We didn’t because we ultimately ended up doing the Soviet’s bidding. But why? And why did we allow all of these countries to become enslaved by communists?

The answer is discomfiting. The simple answer is that there were Soviet agents in high places in the U.S. government and thus Americans began to “distort the normal and healthy operation of our intellectual and moral judgments,” as ally diplomat Owen O’Malley put it in his report of the Soviet Katyn Forest Massacre.

We swallowed the Big Lie, and we still live with it. We still seem to think that World War II Soviet Union was a friend. We still believe that Sen. Joseph McCarthy abused his power and identified people who were innocents. That is another big lie. The vast majority weren’t innocent and they weren’t benign.

Unfortunately our country, in positions that really matter, was filled with communists, fellow-travelers and sympathizers — at the highest level. Their influence assured that Soviet wishes became our demands and that their priorities became ours as well. The Lend-Lease program to the Soviet Union, for example, was our government’s No. 1 program with a priority greater than any of our own. That’s what Diana West concludes and her evidence for that is overwhelming. And also disheartening.

Stalin’s agent Harry Hopkins was one of if not the most influential of President Franklin Roosevelt’s advisers.

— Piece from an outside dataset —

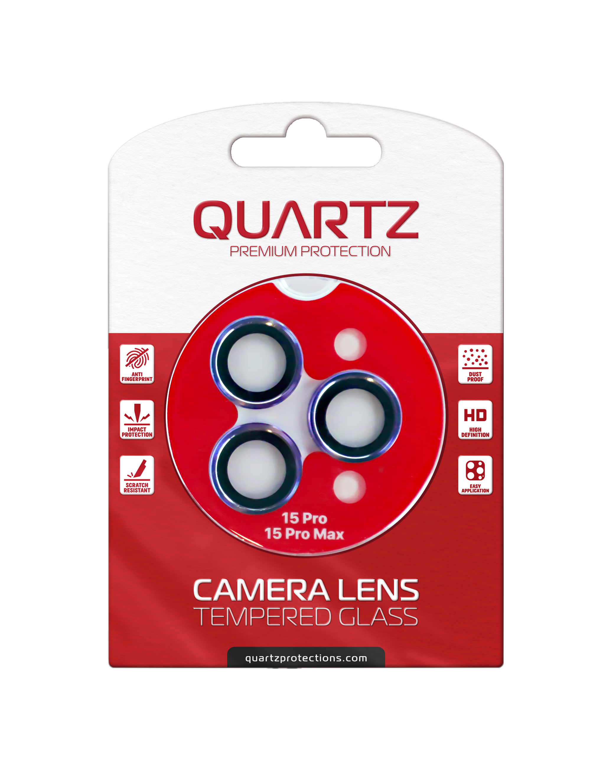 Product Color Badge Buy the QUARTZ HD Tempered Glass with Metal Ring for iPhone 15 Pro and 15 Pro Max Back Camera in red.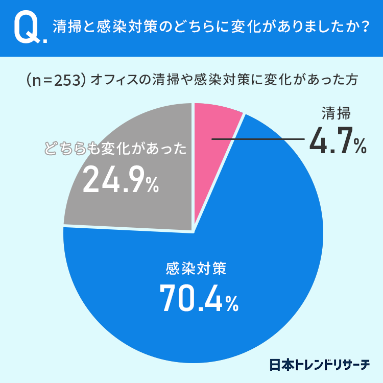 「清掃」に変化があったのは4.7%、「感染対策」に変化があったのは70.4%で、「どちらも変化があった」のは24.9%%でした。

He literally lived in the White House with the Roosevelts, and he was just the tip of the iceberg.

We sometimes hear that it was the Soviets who really defeated Germany. The truth is without our supplies and equipment, Hitler would have run across that country like a steamroller rolling over a five-day old road kill.

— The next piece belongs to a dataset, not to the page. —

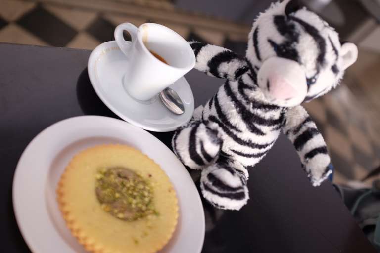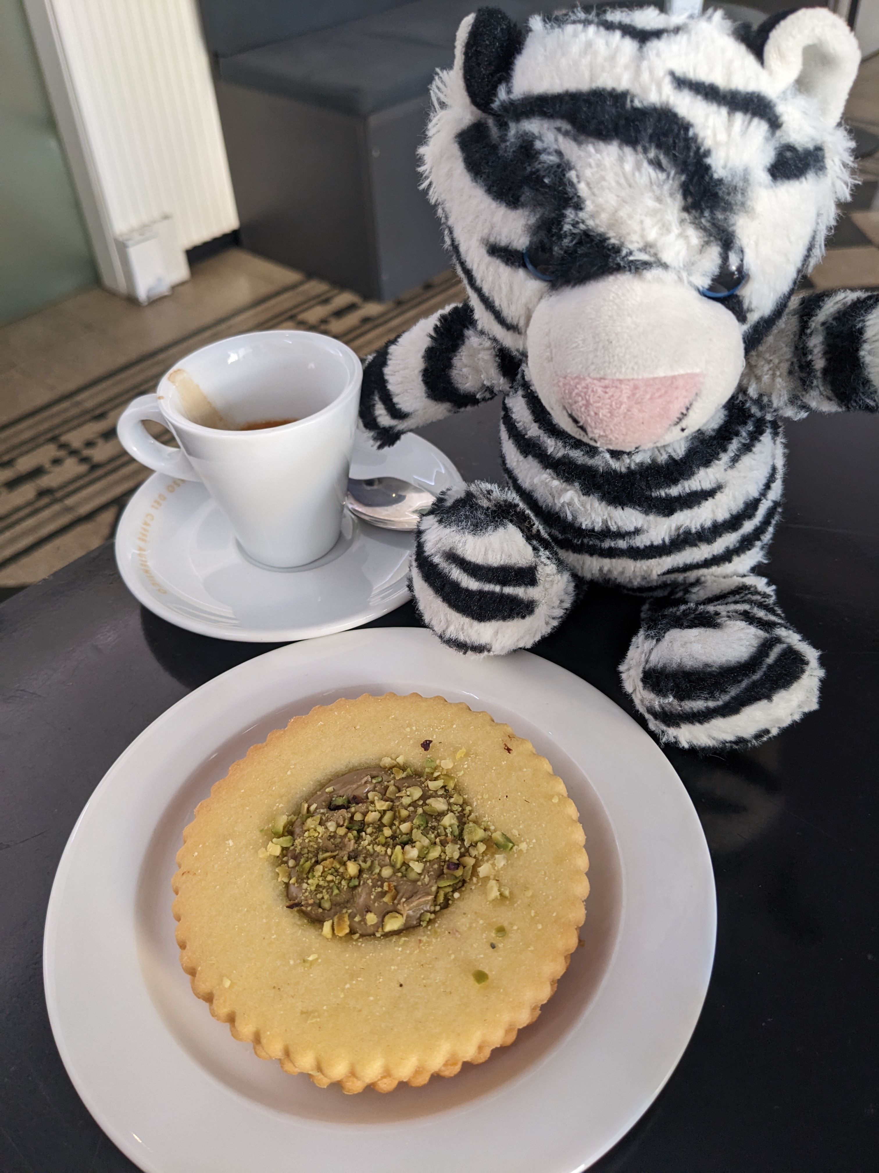 Die anderen trinken hier irgendwie ganz viel Kaffee... Der scheint wohl besonders gut zu sein. Aber der ist wohl so stark, dass ich nicht mehr schlafen würde wenn ich davon etwas trinken würde. Deswegen habe ich einen Keks mit Pistaziencreme bekommen.

But if you are a believer in the Big Lie, you aren’t willing to buy any of this. OK, let us assume for sake of argument that there was no malign communist influence anywhere in the U.S. government or among the Allies before, during and after WWII. The question remains. Should we still have allowed the Soviets to enslave all of these countries?

Of course not. At the end of the war, we were the only ones with nuclear weapons. The Soviet Union should have been “persuaded” to move back to its pre-war borders.

After the war, we also joined with the Soviet Union to try Axis leaders for war crimes. Joined with war criminals as bad as or worse than the Nazis. Somehow we called this fiction justice.

We still haven’t come to terms with communists, the extent of their influence, and of our hand in helping them to become the menace they were and still are. Nor have we come to terms with the loathsome Roosevelt, the left, their fellow-travelers and their horrible legacy.